The teams I'm really interested in seeing how they respond this year are the Spurs, Hornets, Lakers, Cavaliers, Celtics, Magic, Heat, and of course our very own Bulls.

Gooooooooo Bulls!


----------



## PD (Sep 10, 2004)

This game will give us some kind of measurement as far as how good we are and where we are going to finish this season in the Eastern conference.


----------



## narek (Jul 29, 2005)

> As if laboring through one of the most pronounced shooting slumps to start any of his eight NBA seasons isn't tough enough, now the fun really begins for John Salmons.
> 
> On Sunday, he gets to guard Dwyane Wade.
> 
> "You just have to try to make it tough on him and contest his shots," Salmons said. "He has the ball in his hands so much. It's hard, but you try to make him feel uncomfortable."


http://www.chicagotribune.com/sport...s-chicago-nov01,0,236023.story?obref=obinsite


----------



## truebluefan (May 27, 2002)

Oneal has shown signs of being the JO of the past. Will Noah bring him back to reality or will JO school Noah? Will be fun to watch. 

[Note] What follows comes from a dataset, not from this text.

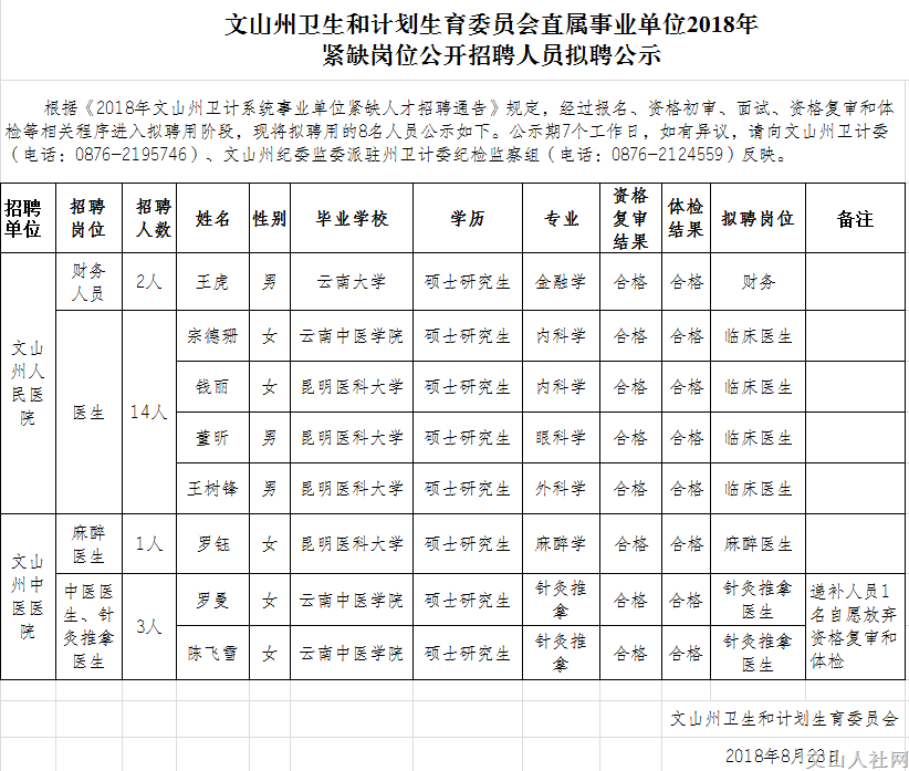 文山州衛(wèi)計(jì)委直屬事業(yè)單位2018年緊缺崗位公開(kāi)招聘人員擬聘公示

Salmons slump needs to stop this game.


----------



## Wynn (Jun 3, 2002)

If Salmons starts off in trouble, Kirk needs to be subbed in immediately and guard Wade every play.


----------



## Bulls96 (Jun 25, 2003)

truebluefan said:


> ...Salmons slump needs to stop this game.


What about Deng ‘s performance with Celtics … 4 points ?!

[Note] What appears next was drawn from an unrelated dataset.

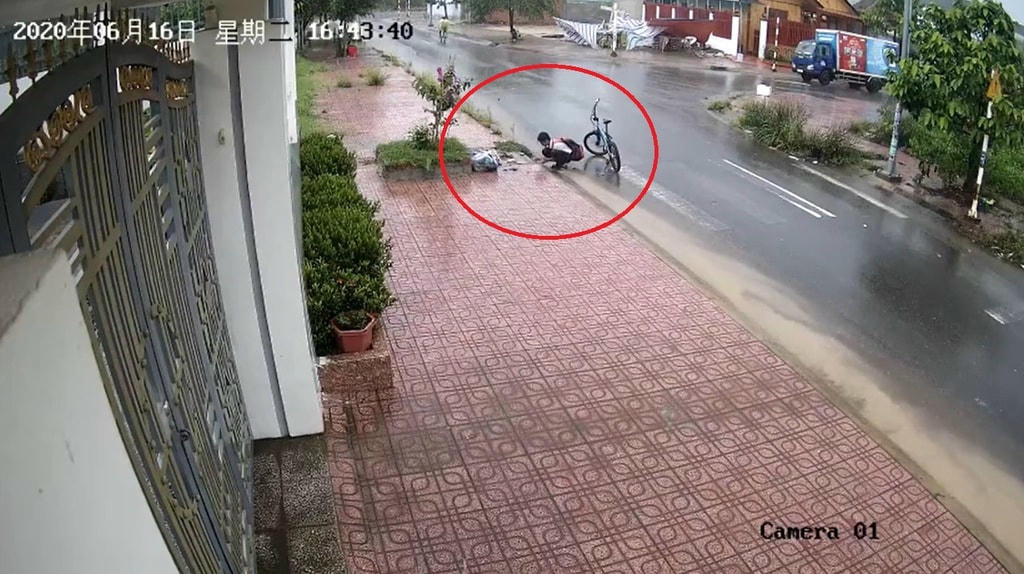 Chắc chắn có rất nhiều người phải xem đi xem lại clip được đăng tải để cùng chung nhận xét rằng cậu bé 12 tuổi, lưng đeo cặp sách, chống xe đạp, cúi nhặt rác ở miệng cống trong cơn mưa chiều tháng 6 của miền Đông Nam Bộ là phản xạ rất tự nhiên. Có ít nhất 10 lần cậu bé chống xe đạp ở các miệng cống trên đường từ trường về nhà để nhặt rác. Hình ảnh, việc làm của cậu bé nằm gọn trong tầm quan sát của camera gắn trước cửa các nhà dân.

"I feel like we have a great group of guys that care about winning," Deng said 

…words…words…words…


----------



## truebluefan (May 27, 2002)

Bulls96 said:


> What about Deng ‘s performance with Celtics … 4 points ?!
> 
> "I feel like we have a great group of guys that care about winning," Deng said
> 
> …words…words…words…


Yes he had a bad game, but Salmons has had two bad games in shooting. 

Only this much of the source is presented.